MEMOS-U simulations have been completed for 16 of the 38 SMITER cases analyzed in the DINA database, with an emphasis on cases with nBe = 1 ⋅ 1019 m−3. Simulation time was extended past the disruption duration long enough (∼100–200 ms) for the 3D melt deformations to stop moving and resolidify.

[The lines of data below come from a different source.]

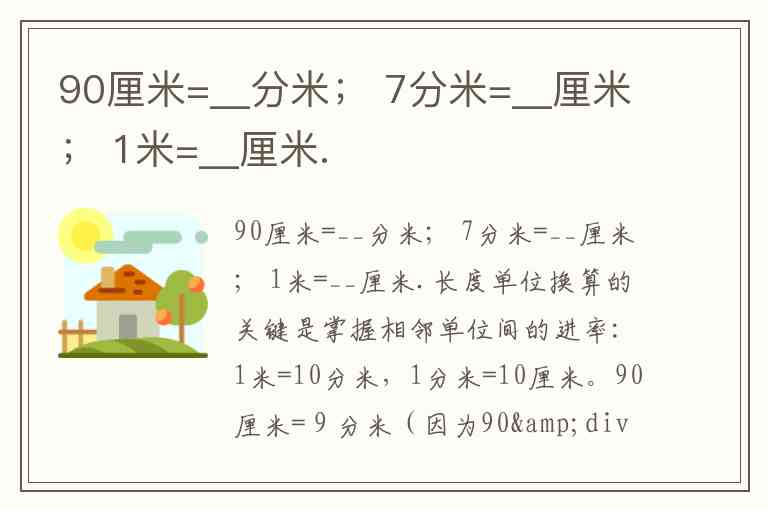 90厘米= 9 分米(因为90÷10=9);7分米= 70 厘米(因为7×10=70);1米= 100 厘米(因为1米=10分米=10×10厘米=100厘米)。
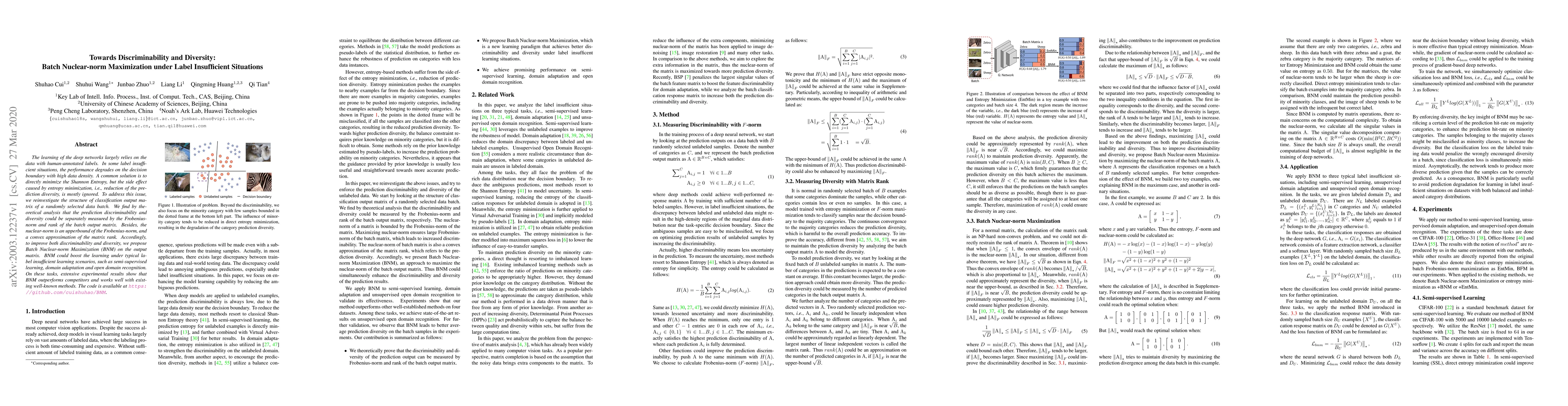 The learning of the deep networks largely relies on the data with human-annotated labels. In some label insufficient situations, the performance degrades on the decision boundary with high data density. A common solution is to directly minimize the Shannon Entropy, but the side effect caused by entropy minimization, i.e., reduction of the prediction diversity, is mostly ignored. To address this issue, we reinvestigate the structure of classification output matrix of a randomly selected data batch. We find by theoretical analysis that the prediction discriminability and diversity could be separately measured by the Frobenius-norm and rank of the batch output matrix. Besides, the nuclear-norm is an upperbound of the Frobenius-norm, and a convex approximation of the matrix rank. Accordingly, to improve both discriminability and diversity, we propose Batch Nuclear-norm Maximization (BNM) on the output matrix. BNM could boost the learning under typical label insufficient learning scenarios, such as semi-supervised learning, domain adaptation and open domain recognition. On these tasks, extensive experimental results show that BNM outperforms competitors and works well with existing well-known methods. The code is available at https://github.com/cuishuhao/BNM.
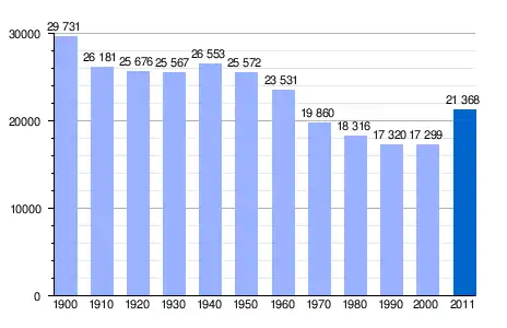 Población de derecho (1900-1991) o población residente (2001) según los censos de población del INE. Población según el padrón municipal de 2011 del INE. |
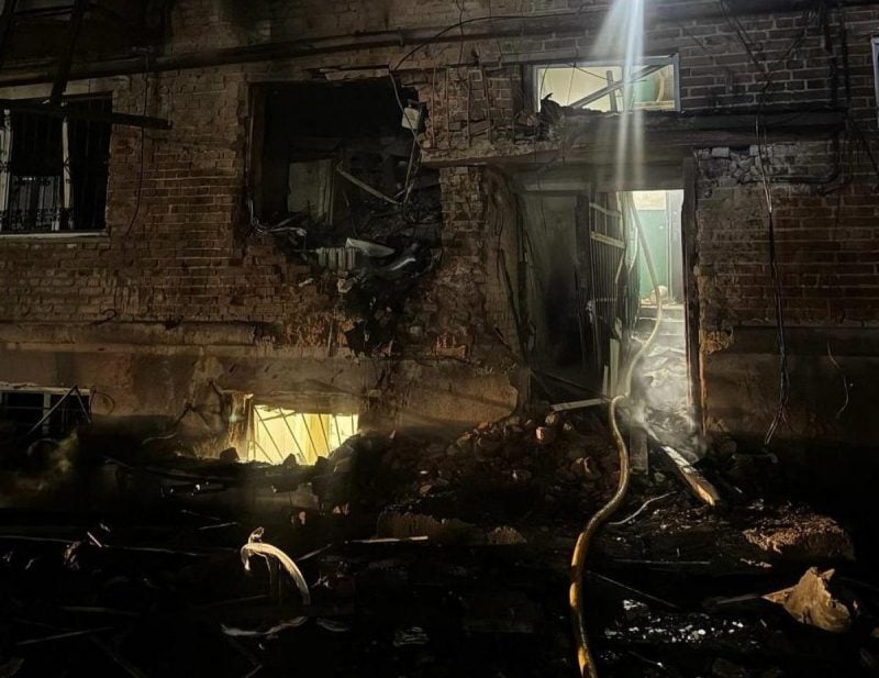 Згодом він додав, що внаслідок ворожої атаки, горить ще один житловий будинок та дах гуртожитку.

Figures 5(a) and (b) summarize the MEMOS-U analysis efforts, which were conducted for multiple FWPs (#7–9 and #18), with and without the vapor shielding model discussed in section 4.1. Time-dependent values for Jh for these select cases range from 5 ⋅ 103–5 ⋅ 104 A m−2 for the 15 MA cases, 3 ⋅ 103–3 ⋅ 104 A m−2 for 7.5 MA, and 3 ⋅ 103–2 ⋅ 104 A m−2 for the 5 MA cases. The downward cases often exhibit a higher magnitude of Jh than their upward, longer-lasting counterparts.

Figure 5.

Figure 5. MEMOS-U results for maximum erosion thickness, with (A) including the effects of vapor shielding and (B) not including vapor shielding. The VDE for each scenario is shown by the left, blue bar, and the corresponding MD is shown by the right, red bar. Cases with nBe = 3 ⋅ 1019 m−3 and 1 ⋅ 1019 m−3 are shown to the left and right, respectively, of the vertical dashed line. The maximum erosion thickness occurs on FWP #8 for all upward cases and on FWP #18 for all downward cases.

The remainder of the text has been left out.